EXTRACTED RECORDS:

Start of Block

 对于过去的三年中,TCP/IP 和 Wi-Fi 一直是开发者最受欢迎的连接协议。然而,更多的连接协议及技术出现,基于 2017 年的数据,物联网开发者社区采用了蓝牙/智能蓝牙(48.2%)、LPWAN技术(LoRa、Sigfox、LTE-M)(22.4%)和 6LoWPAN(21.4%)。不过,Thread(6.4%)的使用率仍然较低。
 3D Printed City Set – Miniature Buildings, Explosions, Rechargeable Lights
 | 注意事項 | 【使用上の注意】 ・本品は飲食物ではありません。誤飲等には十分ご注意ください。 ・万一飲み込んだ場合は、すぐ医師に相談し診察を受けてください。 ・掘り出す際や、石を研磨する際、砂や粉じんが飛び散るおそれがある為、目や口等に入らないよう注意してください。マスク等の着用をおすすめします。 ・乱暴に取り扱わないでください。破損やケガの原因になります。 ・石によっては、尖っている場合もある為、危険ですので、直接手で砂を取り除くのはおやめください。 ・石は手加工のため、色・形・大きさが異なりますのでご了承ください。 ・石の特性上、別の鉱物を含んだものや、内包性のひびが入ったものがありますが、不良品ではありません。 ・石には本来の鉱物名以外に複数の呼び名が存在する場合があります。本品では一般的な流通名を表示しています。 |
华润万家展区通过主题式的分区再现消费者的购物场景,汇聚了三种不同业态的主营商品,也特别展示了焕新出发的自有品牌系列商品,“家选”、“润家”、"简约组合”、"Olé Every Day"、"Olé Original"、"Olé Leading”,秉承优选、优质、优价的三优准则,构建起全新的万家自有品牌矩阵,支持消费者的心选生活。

End of Block
Start of Block

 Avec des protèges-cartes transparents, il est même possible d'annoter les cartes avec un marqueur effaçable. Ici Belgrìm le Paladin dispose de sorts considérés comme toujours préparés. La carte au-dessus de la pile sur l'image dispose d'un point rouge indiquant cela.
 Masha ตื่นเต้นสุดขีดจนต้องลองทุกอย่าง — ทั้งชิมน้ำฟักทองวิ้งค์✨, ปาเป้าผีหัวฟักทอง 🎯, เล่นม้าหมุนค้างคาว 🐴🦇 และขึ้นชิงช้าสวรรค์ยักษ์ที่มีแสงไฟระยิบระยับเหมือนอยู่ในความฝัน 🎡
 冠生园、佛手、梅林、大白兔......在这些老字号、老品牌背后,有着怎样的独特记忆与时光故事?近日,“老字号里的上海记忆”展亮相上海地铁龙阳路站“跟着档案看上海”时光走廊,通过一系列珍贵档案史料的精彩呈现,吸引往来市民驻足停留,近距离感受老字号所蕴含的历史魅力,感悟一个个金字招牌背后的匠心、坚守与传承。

End of Block
Start of Block

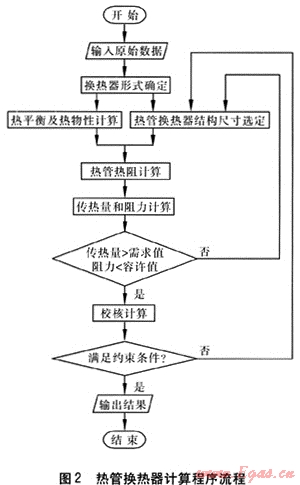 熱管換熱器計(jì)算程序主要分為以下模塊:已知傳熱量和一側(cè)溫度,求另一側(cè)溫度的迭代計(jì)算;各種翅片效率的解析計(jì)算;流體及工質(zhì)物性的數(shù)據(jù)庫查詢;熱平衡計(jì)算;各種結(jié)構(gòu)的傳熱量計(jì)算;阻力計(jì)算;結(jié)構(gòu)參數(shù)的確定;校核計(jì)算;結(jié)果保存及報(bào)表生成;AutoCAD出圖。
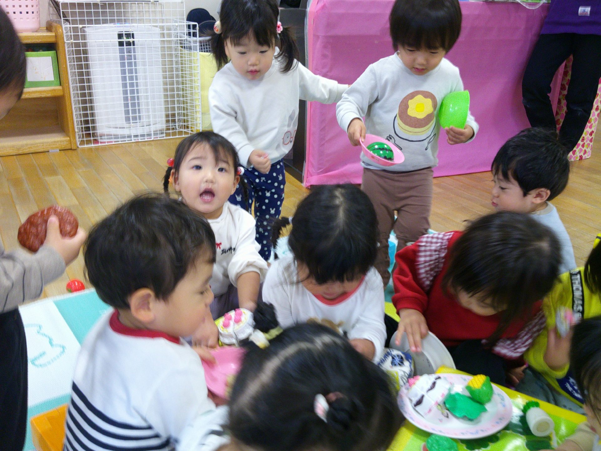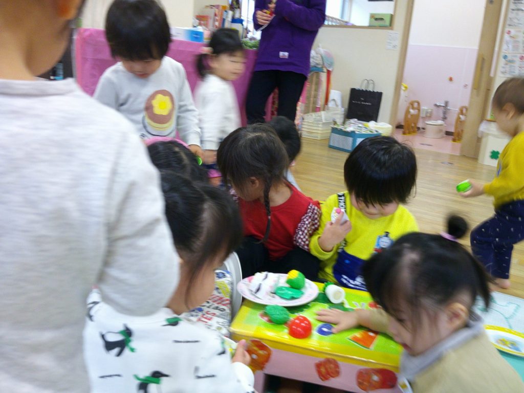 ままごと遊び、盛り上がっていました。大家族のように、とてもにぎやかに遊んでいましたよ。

End of Block

EXERCISE AIM:
Taking the line with "3D Printed City" as the first and the line with "注意事項 | 【使用上の注意】" as the last, retype that stretch of the data above exactly, with no other lines.

ANSWER TO THE EXERCISE:
 3D Printed City Set – Miniature Buildings, Explosions, Rechargeable Lights
 | 注意事項 | 【使用上の注意】 ・本品は飲食物ではありません。誤飲等には十分ご注意ください。 ・万一飲み込んだ場合は、すぐ医師に相談し診察を受けてください。 ・掘り出す際や、石を研磨する際、砂や粉じんが飛び散るおそれがある為、目や口等に入らないよう注意してください。マスク等の着用をおすすめします。 ・乱暴に取り扱わないでください。破損やケガの原因になります。 ・石によっては、尖っている場合もある為、危険ですので、直接手で砂を取り除くのはおやめください。 ・石は手加工のため、色・形・大きさが異なりますのでご了承ください。 ・石の特性上、別の鉱物を含んだものや、内包性のひびが入ったものがありますが、不良品ではありません。 ・石には本来の鉱物名以外に複数の呼び名が存在する場合があります。本品では一般的な流通名を表示しています。 |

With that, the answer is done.